The animal remains were found arranged on the sides of the burial structure, especially on the end opposite the decapitated bodies, and include five canine skeletons (wolf or coyote), three feline skeletons (puma or jaguar), and 13 complete bird remains (many tentatively identified as eagle) – all animals that are believed to be symbols of warriors in Teotihuacano iconography, Sugiyama says. Many of the animals appear to have been bound, and there also are numerous animal skulls.

“We don’t know who the victims were, but we know that this ritual was carried out during the enlargement process of a major monument in Teotihuacan, and highly symbolic objects associated with them suggest that the government wanted to symbolize expanding sacred political power and perhaps the importance of military institutions with the new monument,” Sugiyama says.

Though Teotihuacan at its height was roughly contemporary with the early stages of the Mayan cities located to the south in the jungles of southern Mexico and Guatemala, archaeologists long have noted very distinct differences between the cultures and only minor evidence of interaction.

During an earlier stage of the excavation in 2002, Sugiyama and Cabrera found a burial (connected to the construction of the pyramid’s sixth layer) that reveals a Mayan link with the city’s aristocracy. The burial included three ceremonially positioned bodies adorned with jade artifacts of Mayan design.

The discovery is connected to construction of the pyramid’s earlier fifth layer. It has similarities to the second burial found by Sugiyama’s team – also connected to that layer, and containing four bound men (two of whom isotopic evidence indicates were Teotihuacanos; the other two were foreigners) and some similar symbolic animal remains.

The burial has some startling new features – particularly an “offering” at the center containing a mosaic human figure, with some features unique in Mesoamerican art and enigmatic in its cultural connections. The central offering contains various shell pendants, obsidian blades, projectile points, a fragmented slate object and “many remains of organic materials,” Sugiyama says.

“The mosaic figure was found on top of 18 large obsidian knives, carefully set in a radial pattern,” he says. “Nine of these had a curving form, while the nine others had the form of the feathered serpent, a symbol of maximum political authority. Evidently this offering in some way formed the central symbolic meaning of the grave complex.”

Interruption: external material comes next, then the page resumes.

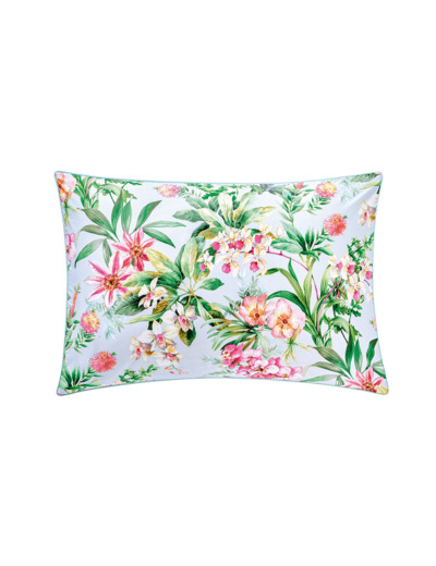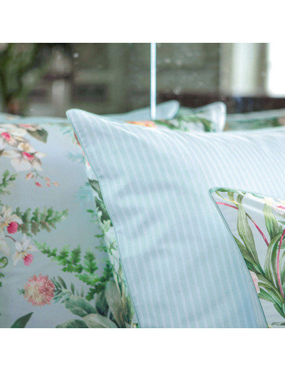 Imprimée sur satin 120 fils/cm² en coton issu de l’agriculture biologique cette taie sac offre un imprimé d’orchidées, d’hibiscus et clématites, réversible sur une douce rayure.
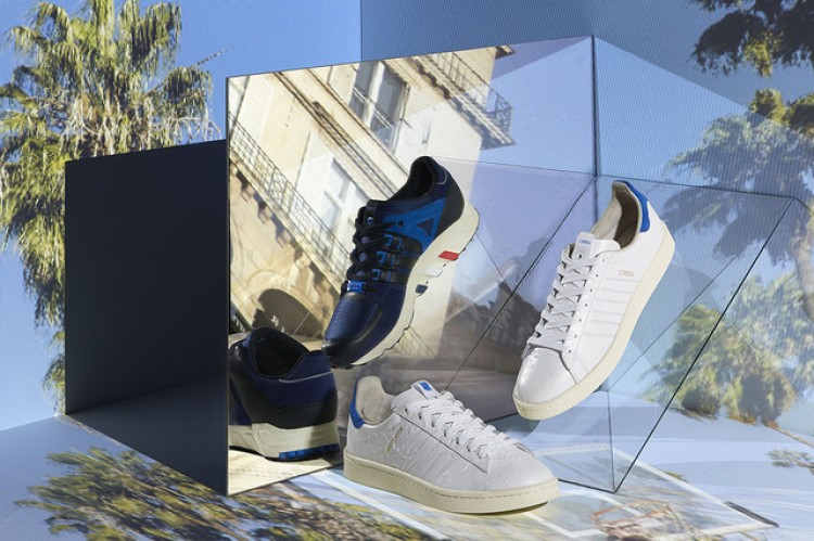 For the first project, colette has teamed up with UNDEFEATED to create two shoes, the "Campus 80" (17,000 yen) and the "EQT Support" (19,500 yen), inspired by the concept of "playing with opposites." The "Campus 80" features a white premium leather upper with an off-white rubber sole and blue embroidery and heel. The "EQT Support" is a darker, nighttime version with an off-white sole and a dark navy and deep blue upper. Both models feature contrasting colorways, but share a clear and consistent theme.

The burial contained obsidian human figures, knives, projectile points, shell pendants and beads, ceramics, plaques and a large disk.

Sugiyama says the recent digging is approaching the completion of the seven-year excavation of the Pyramid of the Moon, though the analysis of the finds is ongoing.

“We will now be able to dedicate our efforts more intensively in the material studies, analyses of different kinds, and in interpretation,” he says. “We expect to publish the project results quickly.”